5th United States Assistant Secretary of the Army for Acquisition, Logistics, and Technology
- In office February 1, 2016 – November 1, 2016
- President: Barack Obama
- Preceded by: Heidi Shyu
- Succeeded by: Bruce D. Jette

President of the Defense Acquisition University
- In office November 2010 – May 2012

Personal details
- Education: Queen's University at Kingston Cranfield University

= Katrina G. McFarland =

American engineer

Katharina G. McFarland is an engineer who served as the first U.S. assistant secretary of defense for acquisition from 2012 to 2017 and as the fifth assistant secretary of the Army for acquisition, logistics, and technology in 2016. She was president of the Defense Acquisition University from 2010 to 2012.

== Early life and education ==
McFarland earned a B.S. in materials, mechanical, electronics, and civil engineering from Queen's University at Kingston. She has an honorary Doctorate of Engineering from the University of Cranfield (UK). McFarland has a professional engineer license and Project Management Professional certification as well as being DAWIA Level-III-certified in program management.

== Career ==
In 1986, McFarland became a general engineer at the Headquarters Marine Corps.

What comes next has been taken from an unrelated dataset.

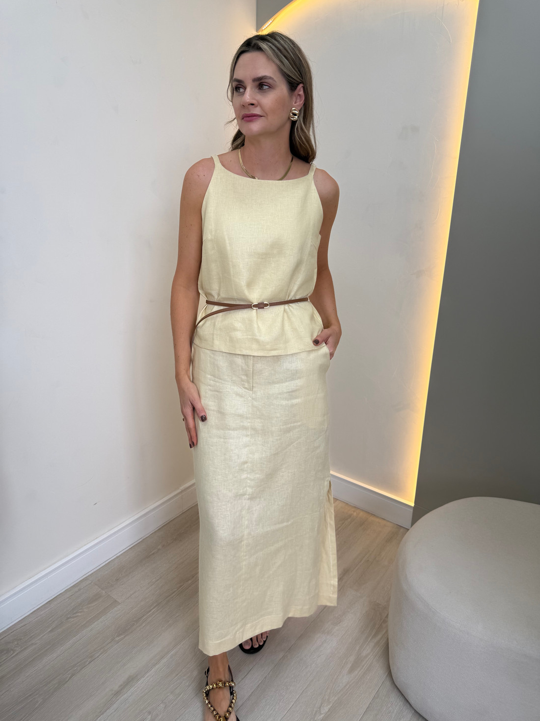 Confeccionada em 100% linho de alta qualidade, a Regata de Linho Valentina une leveza, conforto e elegância natural. Seu design minimalista apresenta decote reto e alças finas reguláveis, permitindo ajustar o caimento de forma prática para oferecer mais conforto e equilíbrio ao look. O tecido de linho, com sua textura levemente rústica e sofisticada, garante excelente respirabilidade — ideal para dias quentes. A modelagem solta proporciona um caimento suave que não marca o corpo, oferecendo frescor e liberdade de movimento ao longo do dia.
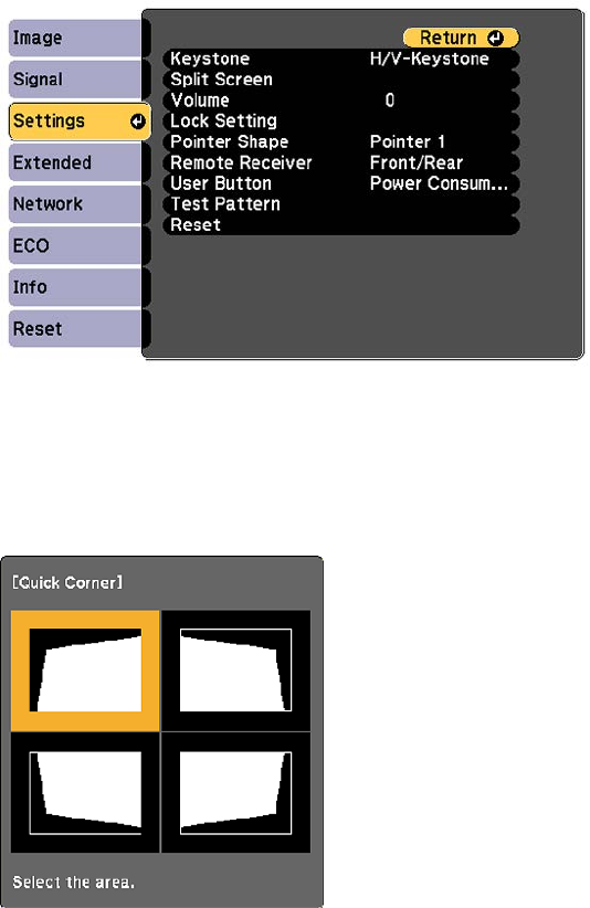 5. Select the Quick Corner setting and press Enter. Then press Enter again.

In 1990 she became the role of Procurement Head of Electronics at the Department of National Defense (DND) in Ottawa, Canada and in 1992, she returned to the Marine Corps where she remained until February 2005 when she concluded her role as Director of Battle Management and Air Defense Systems (BMADS). She was the director of the Missile Defense Agency from 2006 to 2010. She served as president of the Defense Acquisition University from November 2010 to May 2012. On October 1, 2011, she began acting as the first assistant secretary of defense for acquisition. She was sworn in on May 24, 2012, and was succeeded by acting assistant secretary Dyke D. Weatherington on January 20, 2017. During her tenure, she served as the fifth assistant secretary of the Army for acquisition, logistics, and technology and as the Army acquisition executive from February 1, 2016, to November 1, 2016. From 2017 to 2019, she was director of Engility. From 2018 to 2021, McFarland was a member of the National Security Commission on Artificial Intelligence (NSCAI).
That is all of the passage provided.